Saturday, July 20, 2013

Comic-Con: Gillen Expands Wolverine's Secret Origin

Yesterday, Marvel Comics announced Wolverine Origin II by Kieron Gillen and Adam Kubert, a sequel to 2001's mini-series that first depicted the secret beginnings of the world's most popular X-Man.

I talked with Gillen about what to expect in the series, the secrets of navigating continuity, and the villains that might be making an appearance in the early days of the man known as the Wolverine.

IGN Comics: First, I’m guessing this is a mini-series – how many issues is it running?

Kieron Gillen: Five or six. If I can get it in five, I'll do it as five, but I think it's going to probably need six.

IGN: Is Origin II a direct sequel to Wolverine: Origin, or can it be read without having read the first series?

Gillen: It's a sequel to Origin, but can be read without having read the first. I'm taking a This Is A Novel approach to it, with everything you need to know inside it while softly evoking the larger Marvel Universe. If you know everything in the MU, you'll see how everything cascades outwards. If you come knowing literally nothing, you'll still get the experience.

IGN: Continuity-wise, is it tricky to navigate the history of a character in this way, having to work in between the panels, so to speak, of the things we’ve seen before?

Gillen: A little tricky but not impossible. Looking at the space between the end of Origin and where he picks up with the Silver Fox/Sabretooth stories is a considerable gap – and the man who we know in the latter is miles away from the man we know in the former. There's a big, meaningful, meaty story in there, and that's what we focused in on.

IGN: What do you think is so massively appealing and enduring about Wolverine?

Gillen: Who doesn't like a dude with knives in his hands?

I joke, but you must never underestimate the power of a good visual in comics. We bandy the word “Iconic” around a lot, but those claws sliding forth are that. More so – they scream “INSTANT CLASSIC.” But away from that, he mixes some big classic archetypes (mysterious man with a past) with the specifics of his execution means it's an incredibly potent mix. He's adaptable, in terms of what stories he works in. Hell, he's so strong that you can get great stories by casting him against type (Cross-ref: Jason Aaron's Wolverine and the X-Men).

IGN: Right now you’re in the middle of another secret origin story with Iron Man. Did navigating those waters with Tony Stark help you at all with Wolverine?

Gillen: A little, though that they're so far apart in theme and execution that they bear little in common other than the word “Origin.” With Iron Man, I'm posing an existential threat to Tony Stark's self-image. With Origin II, I'm digging into core character and trying to elegantly show how he came to be. Iron Man is based on a Everything You Know Is Wrong concept. Origin II is based on a This Makes Everything Make Sense.
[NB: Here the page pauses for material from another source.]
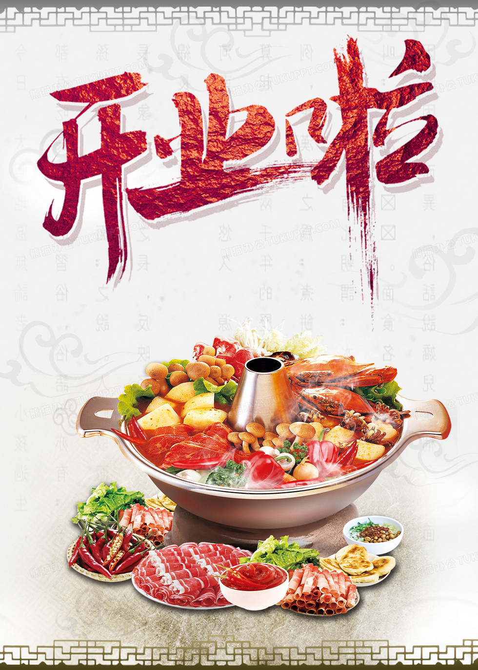 本作品内容为火锅开业啦海报背景模板, 格式为 psd, 图片尺寸为2952 x 4133, 作品中背景图片无需修改, 源文件无水印,可以直接使用, 欢迎使用熊猫办公。 如认为平台内容涉嫌侵权,可通过邮件:tousu@tukuppt.com提出书面通知,我们将及时处理。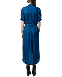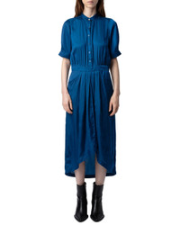 - About the brand: Zadig & Voltaire is a modern and edgy brand that plays with ambiguity in all areas of life. Based in Paris, the brand prides itself on individuality and self expression. Pulling inspiration from literary and art icons through the ages, Zadig & Voltaire embraces strength and inclusivity. - Dress in blue - Design details: Short-sleeved blue Japanese satin midi dress with asymmetrical skirt. - 100% polyester - Machine wash - Imported

IGN: The announcement text from Marvel seems to suggest the appearance of Mr. Sinister (unless I’m totally wrong), who we saw quite a bit in your Uncanny run. What’s appealing to you about that character, and how does he fit into this 19th century Marvel Universe?

Gillen: Well, he's one of the few names around in the period. That helps.

People who read my Uncanny will be familiar with the grand imperialist fop I wrote Sinister as. The man you meet in Origin II is different. In the century between the two stories Sinister warped everything about himself. When we meet him in Origin II, he's Nathaniel Essex. He's an icy cold and totally unethical genius, a disgraced British scientist continuing his work at whatever place that'll accept him. One of the titles of the working titles for the story was Origin of the Species, which gives you an idea for what Nathaniel's interest may be. This is a story packed full with all the ideas and energy of the period.

By the way – I mentioned the accessibility earlier? Nathaniel would be a good example of that. Everyone who knows the MU will know the characters' full abilities... but they also know that one of them is Shape-changing. They'll know that this human-appearing character is just the pose he's chosen to take for now. Conversely, people who just read Origin II can take him very much as he is.

This is a period novel in the Marvel Universe, and we're trying to make its technology redolent of the world just preparing for WWI (Origin II is set in the years Germany formalises the Schlieffen plan). You're more likely to see Maxim guns and Mustard Gas than steampunk fancies.

Mr. Sinister.

Mr. Sinister.

IGN: Anything else you’d like to add?

Gillen: It's a grounded, brutal period novel of a book. The first issue is redolent of a Jack London novel, in some ways (White Fang specifically, though updated to our modern understanding of Wolf packs). With Adam on it, it's going to look incredible. I'm hoping to create something that works just as well for a reader, whether they've read every single Wolverine story in existence, or whether it's their first.

Oh – and the story of Logan's greatest enemy? I think people will like that too.

IGN:  Looking forward to it man, thanks for your time!

Gillen: My pleasure.

Joey is a Senior Editor at IGN and a comic book creator. Follow Joey on Twitter @JoeyEsposito, or find him on IGN at Joey-IGN. He often wonders whatever happened to Billy's RadBug.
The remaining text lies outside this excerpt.